La guerre selon Charlie Wilson

Après les excellents reportages de Christophe de Ponfilly sur le commandant Massoud et ses armées du Panshir, voilà qu'on s'intéresse à nouveau au premier conflit afghan. Il faut dire que Les Cerfs-Volants de Kaboul sont passés par là, et il semble bien que ce soit Khaled Hosseini qui ait ouvert les yeux des Etats-Unis. On est malheureusement très loin encore de la réalité dépeinte dans l'Etoile du Soldat, mais ne tuons pas ce film par notre européenne compassion et notre mépris français, Tom Hanks, (co-producteur ?), a le mérite d'attirer les yeux des troupeaux de spectateurs hollywoodiens vers son visage rond de sénateur bon vivant.
Car Good Time Charlie a bel et bien existé, et son action sur l'Histoire est loin d'être négligeable ! Le film vaut donc par la mise en perspective de ces influences souterraines, orchestrées dans les couloirs des temples démocratiques de Washington, bien loin des préoccupations de transparence du peuple américain ! En ces temps de solidarité patriotique et d'élans néo-conservateurs forts, il est bon de se rappeler que la compassion, presque moteur de l'action ici, n'a qu'un temps, et ne saurait en rien résoudre durablement les noeuds géopolitiques mondiaux. Mais trêve de critique historique, parlons donc du film !
Il faut avouer d'abord que Tom Hanks le porte à bout de bras, bien relayé et soutenu par Philip Seymour Hoffmann, toujours excellent dans les rôles ambigus de looser caractériel au bon cœur. Je ne suis sans doute pas le meilleur juge de la performance de Julia Roberts, mais il me semble que son apport reste minime, malgré l'influence de son personnage sur la poursuite des événements. Richissime fondatrice d'une organisation qui entretient des liens étroits avec l'extrême droite protestante américaine, son personnage aguichant ne manque pas d'une certaine ironie qui aurait gagnée à être plus exploitée.
Le rythme général est assez rebondissant, avec des passages véritablement drôles. En vérité, je ne connais pas exactement les opinions politiques des scénaristes, mais les dialogues égratignent délicieusement la politique étrangère des Etats-Unis, ce qui n'est pas sans nous faire sourire ! La dimension psychologique des personnages n'est pas très profonde, et une certaine facilité affleure. En réalité, cela reflète la superficialité des personnes, et laisse la place au tragique de la situation, mais il est vrai que cet aspect est un peu léger.
Sans être le film de l'année, on retiendra de cette œuvre un important éveil des consciences sur les origines de la situation géopolitique actuelle, et un nécessaire rappel de l'influence des services secrets dans cette zone du globe. Reste à exploiter la plaisanterie du Maître Zen à la fin du film : sans véritable réflexion posée, ce qui apparaît comme bon aujourd'hui peut s'avérer désastreux... Comme le dit le sénateur Wilson lui-même, dans les années 1984, "les intégristes prolifèrent à Mazar-y-Charif et à Kandahar comme des mouches sur une bouse fraîche..."

14 février 2008

Astérix aux Jeux Olympiques

Quel gâchis ! Voilà de nouveau la chronique d'un naufrage annoncé... A posteriori, on ne peut pas s'appuyer sur un faible succès populaire, puisque le film a dépassé les 6 millions d'entrées, mais malgré tout, quel scandale !
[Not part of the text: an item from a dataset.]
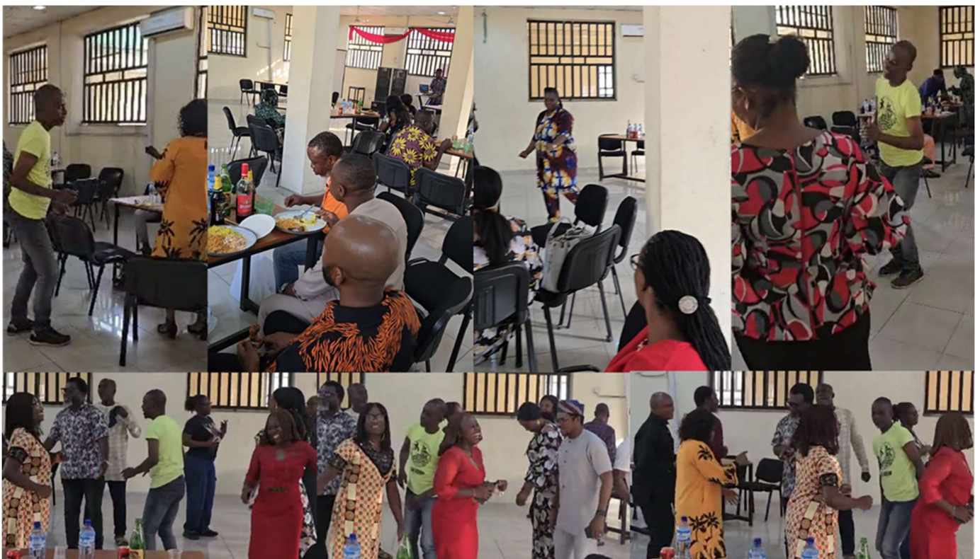
All dancing at Faculty Christmas Party 2024.

Le premier opus ressemblait à un coup d'essai : la bande dessinée extrêmement populaire, mais son entrée sur la scène cinématographique semblait à l'époque hasardeuse. Le succès relatif du dessin animé (qui reste "culte" chez certains, et qui est, il est vrai, très fidèle à l'esprit des auteurs) avait de quoi rassurer, et emmener Claude Zidi, Christian Clavier et Gérard Depardieu dans son sillage, mais la réussite ne fut pas exactement au rendez-vous. Avec un total avoisinant les 24 millions d'entrées dans le monde, cela justifiait cependant la mise en route d'une suite. C'est alors qu'est réalisé Astérix et Obélix : Mission Cléopâtre. Cette fois-ci, le succès est immense, et pour cause. La bande dessinée a été adaptée très fidèlement, mais c'est une pointure humoristique du temps qui s'en charge, au niveau de Goscinny en son temps, d'une drôlerie presqu'universelle en restant irrésistible, populaire et fine.
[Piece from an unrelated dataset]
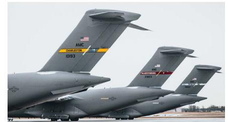
Preserving wetlands outside of JB Andrews (top) enables the installation to carry out mission-critical infrastructure improvement projects (bottom).
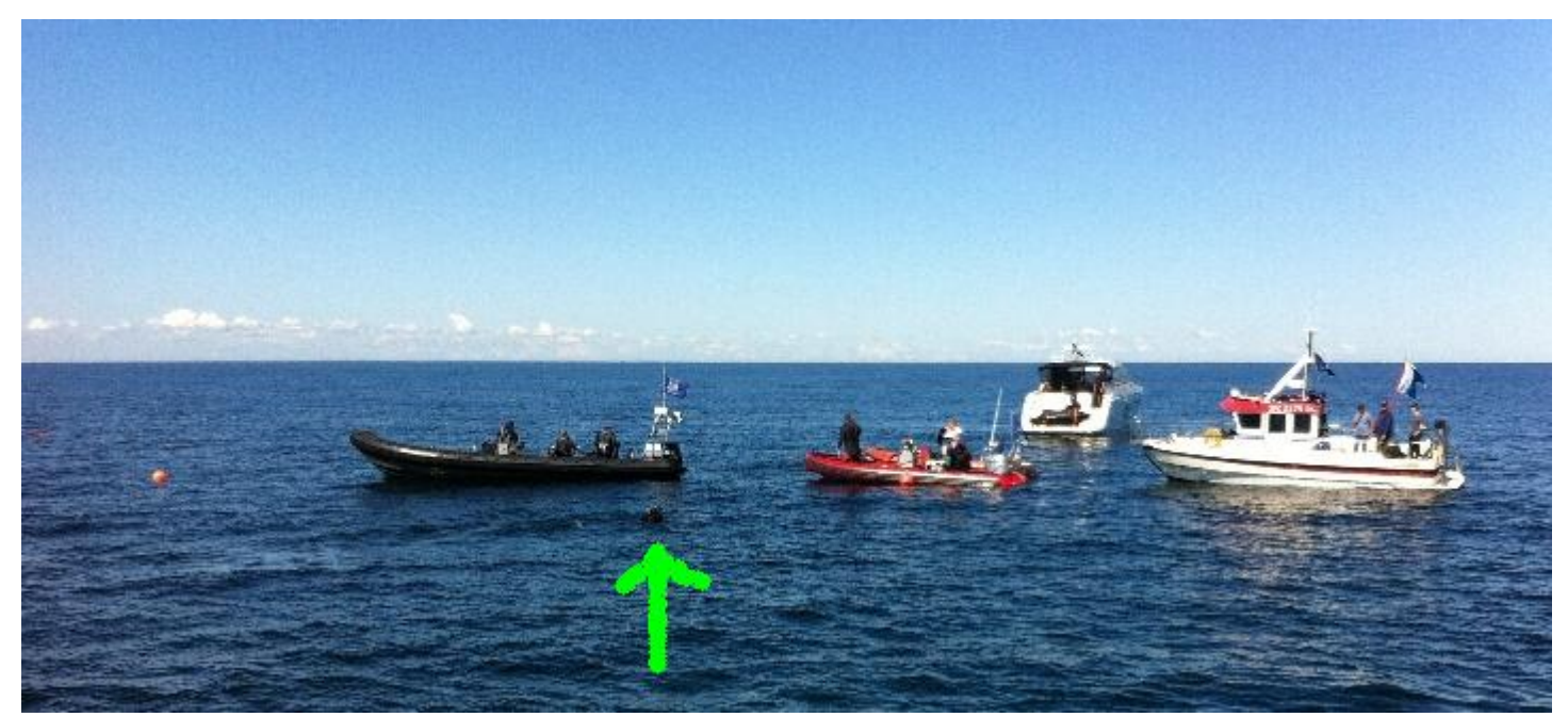
Our diving boats over the Halifax with red buoy (far left) marking the Halifax, and green arrow showing diver in the water

Soon we were on site and the exploration began with our 10 - 15 divers working in shifts, plotting out and finding, on and under the sandy bottom, all the parts of Halifax HR871. Remember, the Baltic Sea in this area of the Halifax location is almost fresh water because of the rivers and freshwater runoff in Sweden.

La presse, pour celui-ci a vrombi de rumeurs. Non, ce ne serait pas Alain Chabat qui se chargerait de nouveau de l'adaptation. Non, ce ne serait plus Christian Clavier qui jouerait Astérix. Une pléiade d'acteurs et de personnalités people est convoquée, on imagine sans problème notre Delon national en Jules César, avec déjà un sourire aux lèvres... La sortie est précédée d'un battage médiatique hallucinant, montrant des affiches trois à quatre mois avant la date prévue. Le grotesque est déjà revendiqué, avec des grecs parodiés en travestis malsains, ainsi qu'une espèce de monstre musculeux dont la tête est coupée, cornaqué par un nabot ignoble... L'espoir demeure.
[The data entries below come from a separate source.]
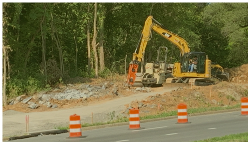
Green Circle Trail-Phase III Add trail where none existed and painted crosswalks.
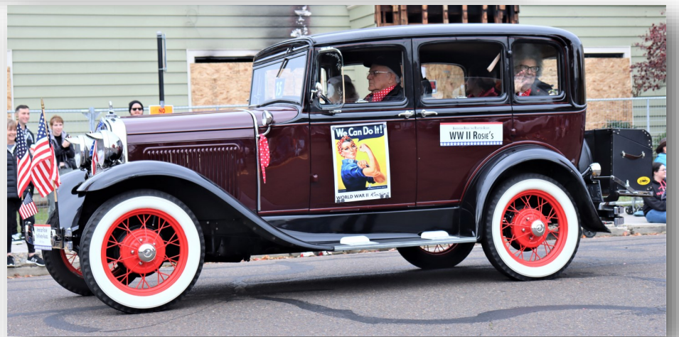
Rosie the Riveters helped win World War II.
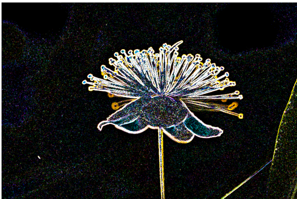
myrte.féérique - fairy myrtle

Perhaps you would like to create your personalized perfume with the incredible scents that nature offers and at the same time enjoy the blessing that plants provide. More than 300 fragrances are available: flowers, wood, herbs, berries, fruits .... to create the fragrance that suits you. ( more information )

Quelques semaines avant la date fatidique, alors que les plateaux de télévision sont assaillis des acteurs toujours enthousiastes, la presse commence à gronder. La réalisation serait plate, le scénario une suite d'historiettes ratées, les acteurs isolés dans leur propre numéro, et les peoples (on s'en serait douté) sans les qualités de jeu escompté...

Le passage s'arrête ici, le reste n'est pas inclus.